• Try it:
From the records below, please print only the lines from the one containing "legenda entro corona" through the one containing "So, now we have", both included. Skip the pictures.

• Records for the task:
————

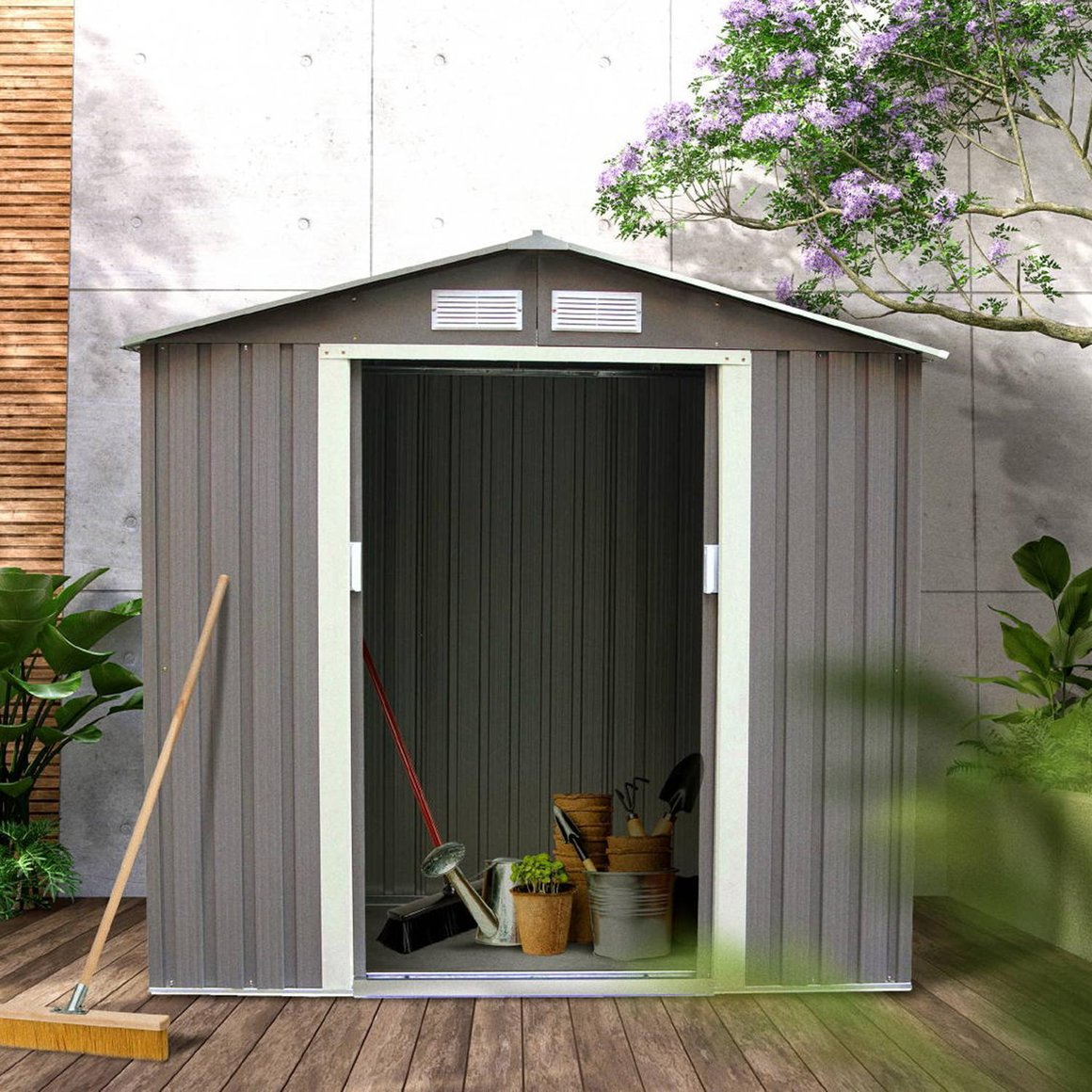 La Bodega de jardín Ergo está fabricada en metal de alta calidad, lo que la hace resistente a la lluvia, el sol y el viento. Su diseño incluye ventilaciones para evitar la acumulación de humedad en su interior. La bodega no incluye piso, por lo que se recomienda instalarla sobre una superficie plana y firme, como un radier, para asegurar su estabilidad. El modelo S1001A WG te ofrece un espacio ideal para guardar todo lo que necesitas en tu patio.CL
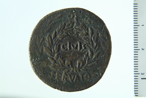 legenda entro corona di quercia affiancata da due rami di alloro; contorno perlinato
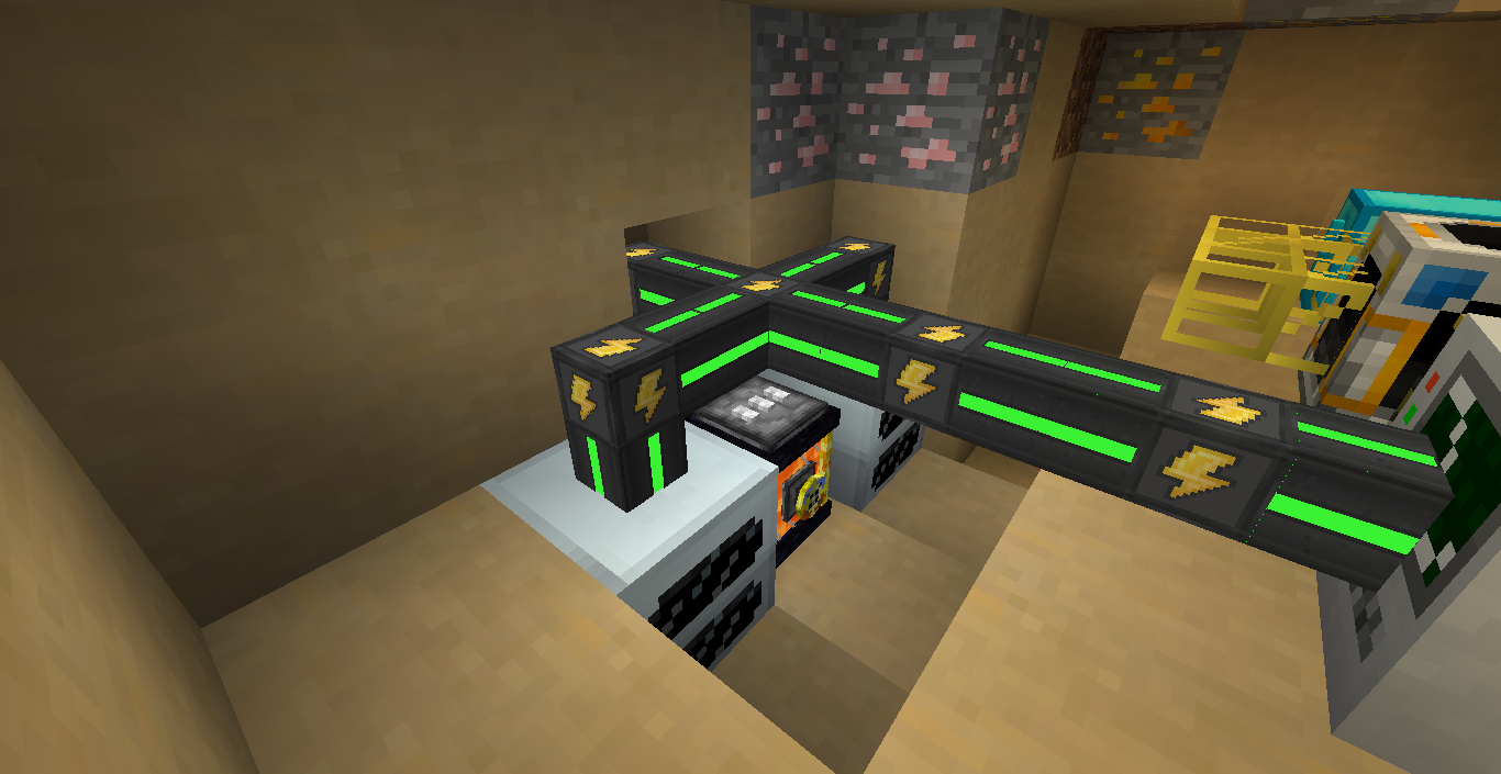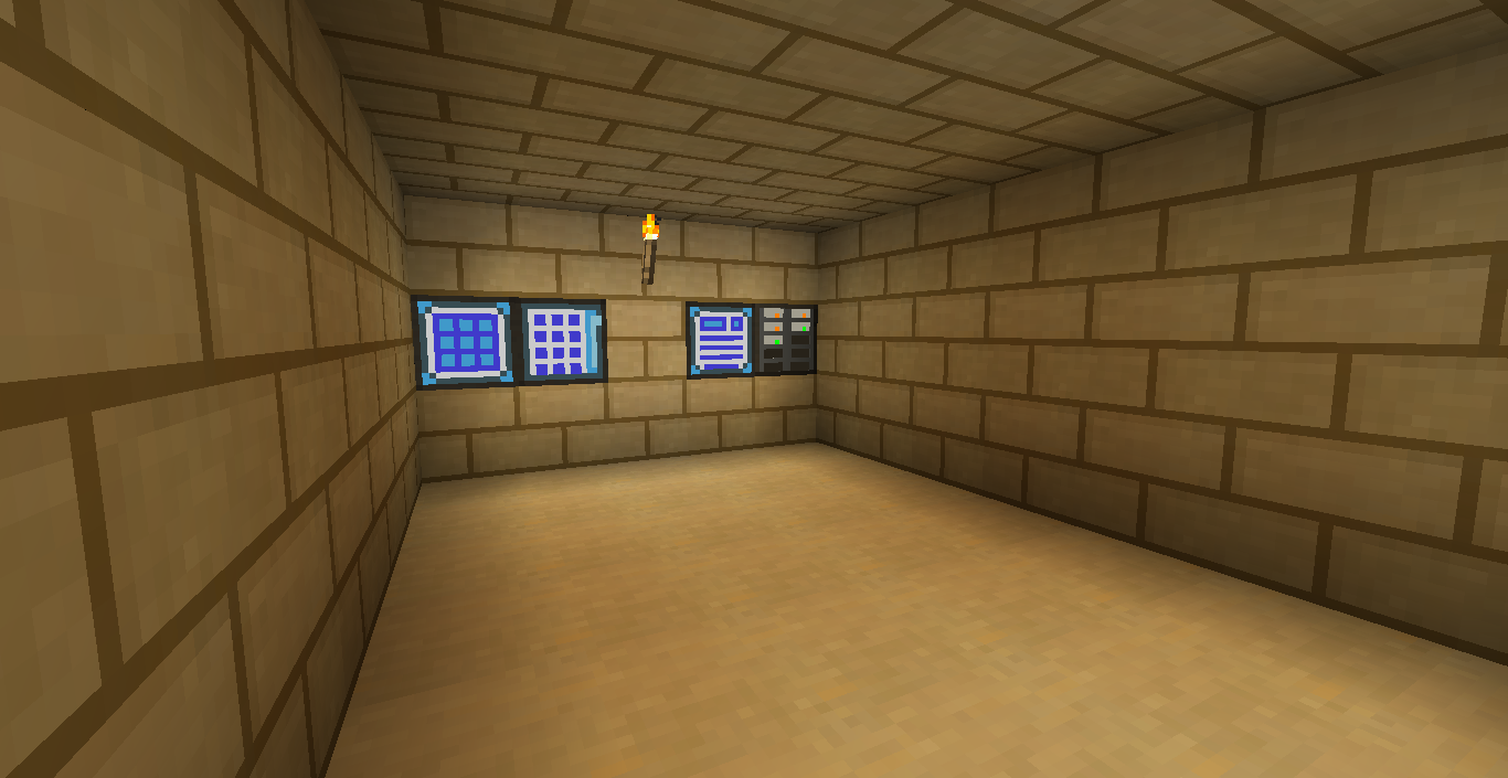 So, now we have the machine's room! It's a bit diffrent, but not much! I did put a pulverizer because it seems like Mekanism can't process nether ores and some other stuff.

————

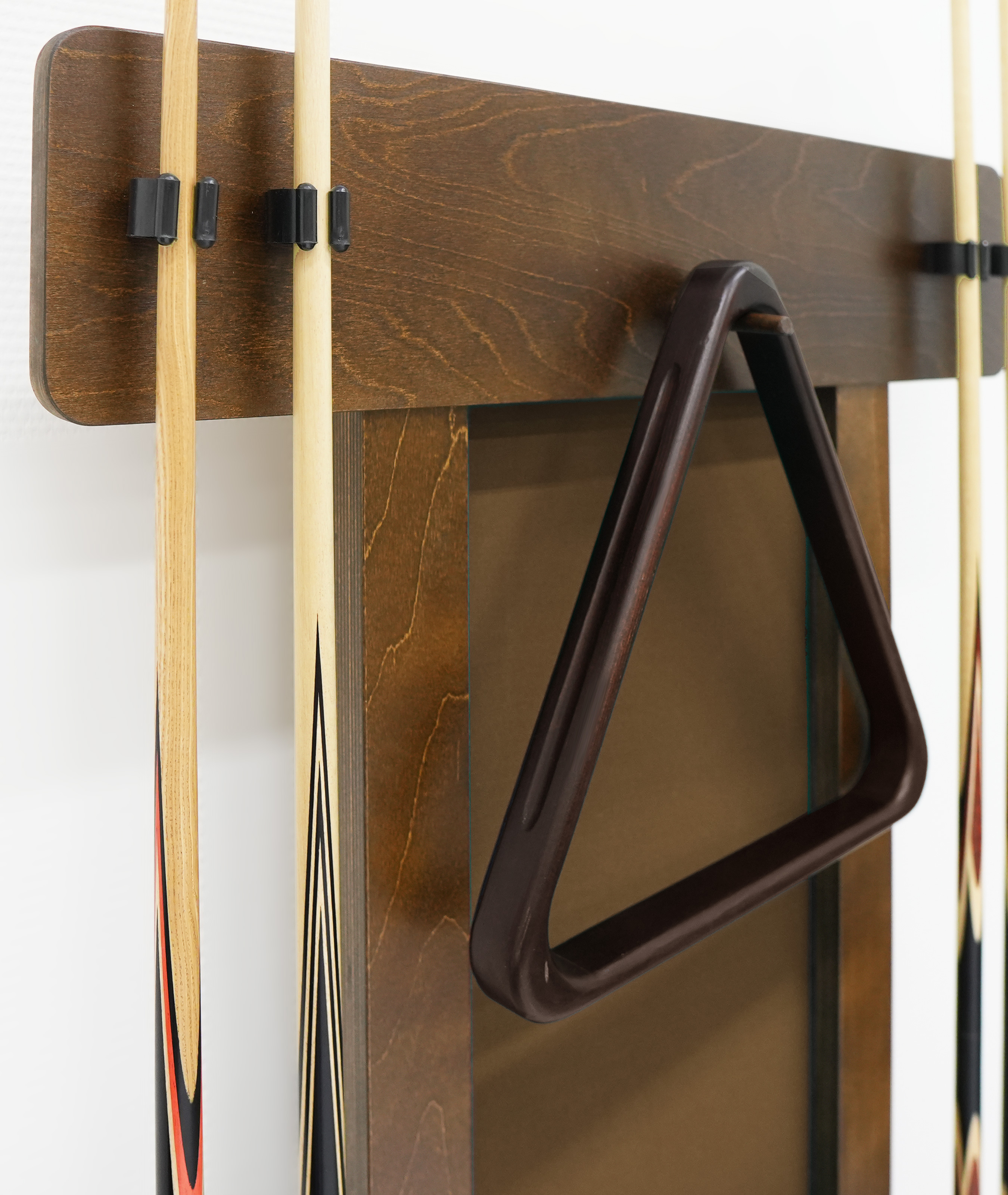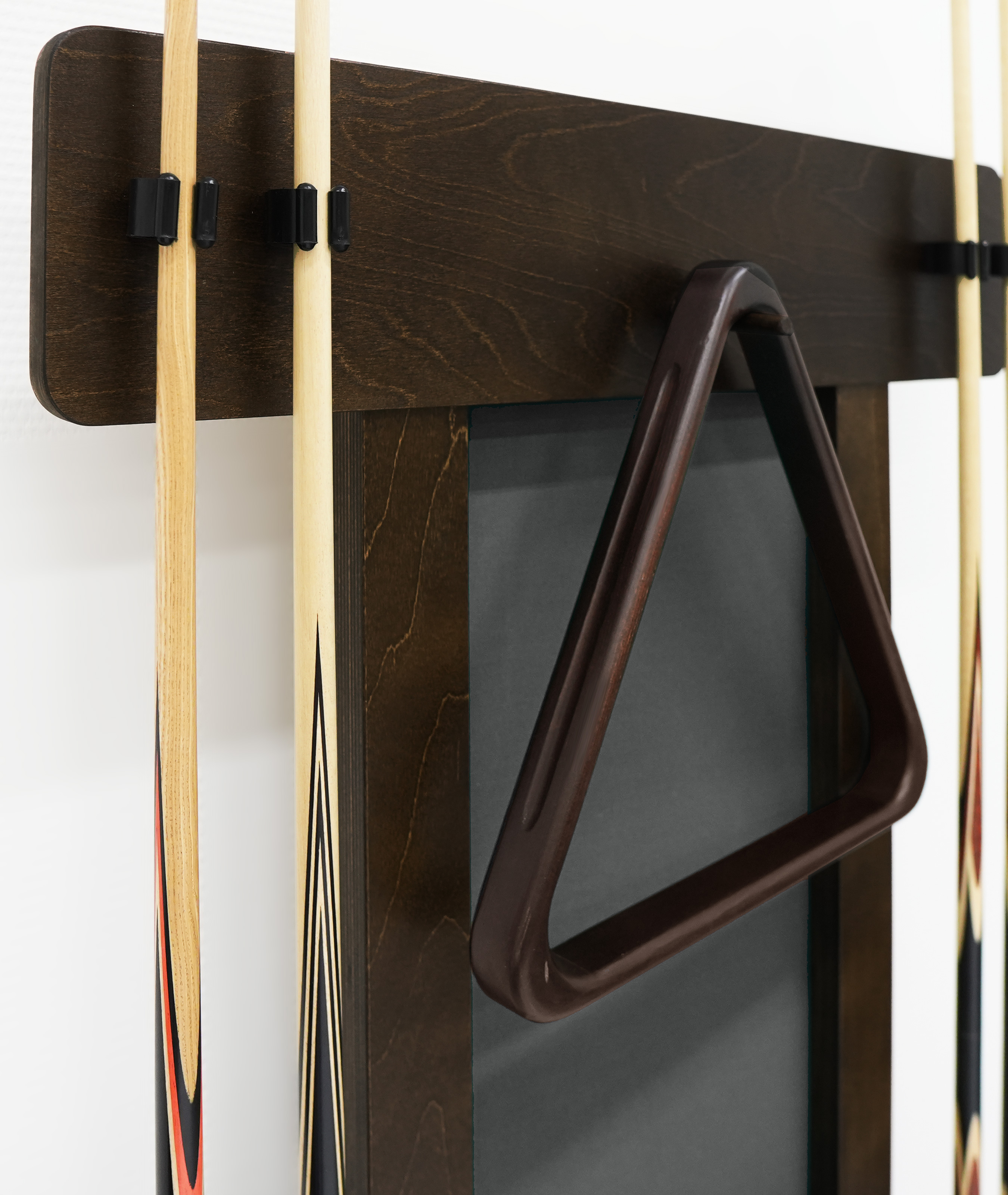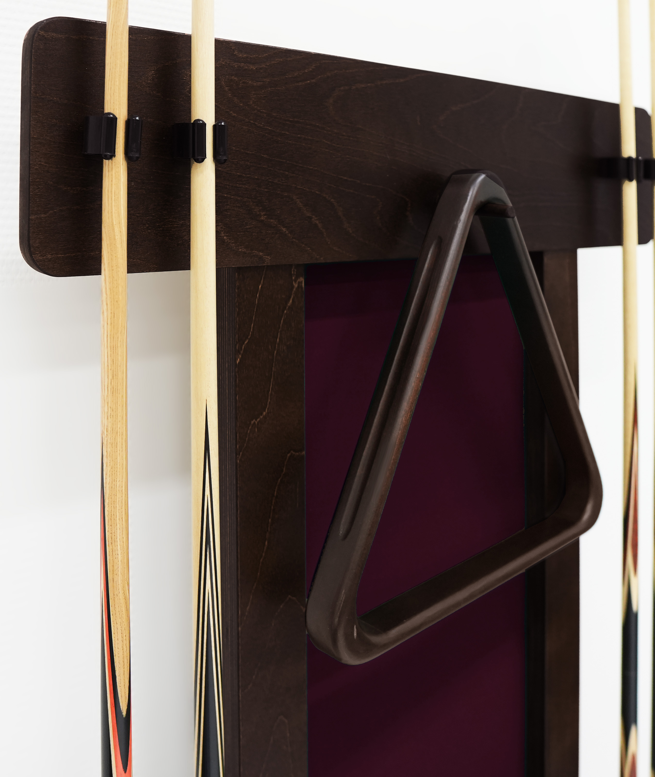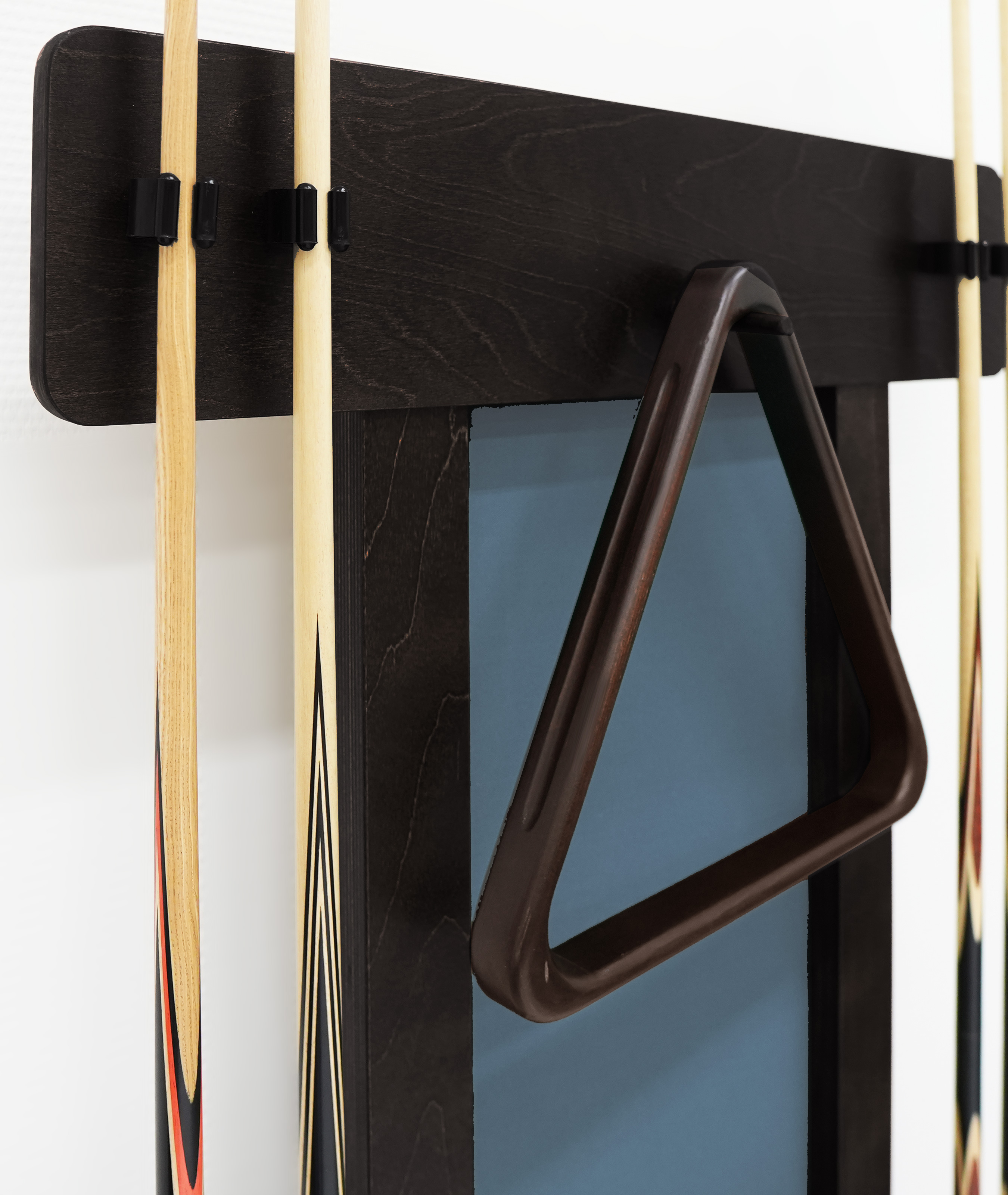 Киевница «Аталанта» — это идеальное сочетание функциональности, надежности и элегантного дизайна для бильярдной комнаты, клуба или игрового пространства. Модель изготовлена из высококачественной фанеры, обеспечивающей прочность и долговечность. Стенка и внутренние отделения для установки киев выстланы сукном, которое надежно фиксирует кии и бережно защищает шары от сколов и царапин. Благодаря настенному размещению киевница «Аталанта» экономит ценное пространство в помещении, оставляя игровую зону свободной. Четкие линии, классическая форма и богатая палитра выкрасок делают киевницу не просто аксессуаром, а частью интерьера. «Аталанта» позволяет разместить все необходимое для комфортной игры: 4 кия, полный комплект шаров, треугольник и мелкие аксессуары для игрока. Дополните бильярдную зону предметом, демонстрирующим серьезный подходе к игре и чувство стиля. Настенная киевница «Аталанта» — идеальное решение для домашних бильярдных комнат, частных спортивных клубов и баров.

————

• Expected answer:
 legenda entro corona di quercia affiancata da due rami di alloro; contorno perlinato
 So, now we have the machine's room! It's a bit diffrent, but not much! I did put a pulverizer because it seems like Mekanism can't process nether ores and some other stuff.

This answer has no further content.